Why?

Why is something that I will never know until I meet him on the other side.  I just have to learn to live with the questions.   He did leave me a long five or six page letter and I’m very grateful that I got that as I have met other widows who didn’t get a note but it didn’t really answer many questions.   A lot of details were on his bank password and how much the boat was worth and his managers contact info etc.   My memory is a little foggy but I do know that I didn’t get the note for several days after his death which still bothers me.

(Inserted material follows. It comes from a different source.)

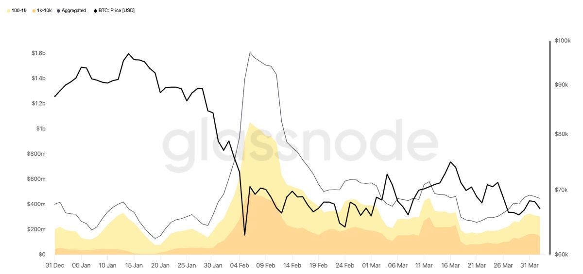С января по март текущего года акулы, которыми называют владельцев от 100 до 1,000 BTC стоимостью от $6,7 млн до $67 млн по текущему курсу, теряли в среднем $188,5 млн в сутки, избавляясь от цифровых активов. А киты, хранившие от 1,000 до 10,000 биткоинов на сумму от $67 млн до $670 млн, уходили в минус на $147,5 млн. Таким образом, каждый день состоятельные инвесторы лишались $336 млн.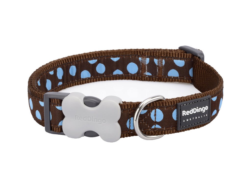 Red Dingo spojuje funkčnost, design a dlouhou životnost. Obojky jsou navrženy tak, aby vydržely každodenní dobrodružství vašeho psa – od městských procházek po lesní výpravy. Vzor modrých puntíků na hnědém obojku přináší design s hravým otiskem, který zaujme svou elegancí i přívětivostí na první pohled.

We were in complete shock and getting that right away would have helped just a little I think.   Not sure why the police held onto that.   They also held onto his  phone for several days and I was told they wanted to go through it to make sure there was nothing that would be disturbing to the family but I also wish they hadn’t done that.   I don’t know what, if anything, they may have erased from it.    His note started off “I have battled depression for a long time” and that floored me.  Absolutely floored me.    I had no idea.      He did say how much he loved the kids and to “tell them everyday that I love them but that I was just very, very sick”.   What I did know, or thought I knew,  is that he was very stressed out and it was affecting every aspect of his life.  Our life.  We talked about it so he had opportunity to tell me he was depressed but he didn’t.   Looking back now I can see the classic symptoms of depression but even if I knew then what I know now I’m not sure I would catch it.     I live with the guilt of not being able to help him, to stop him, and I’m not sure that will ever go away.   My boyfriend (more to come on him later), my family, my therapist and everyone tells me it’s not my fault for not knowing and I know that but deep down you run through those last weeks and months of conversations and texts and wonder if I could have saved him.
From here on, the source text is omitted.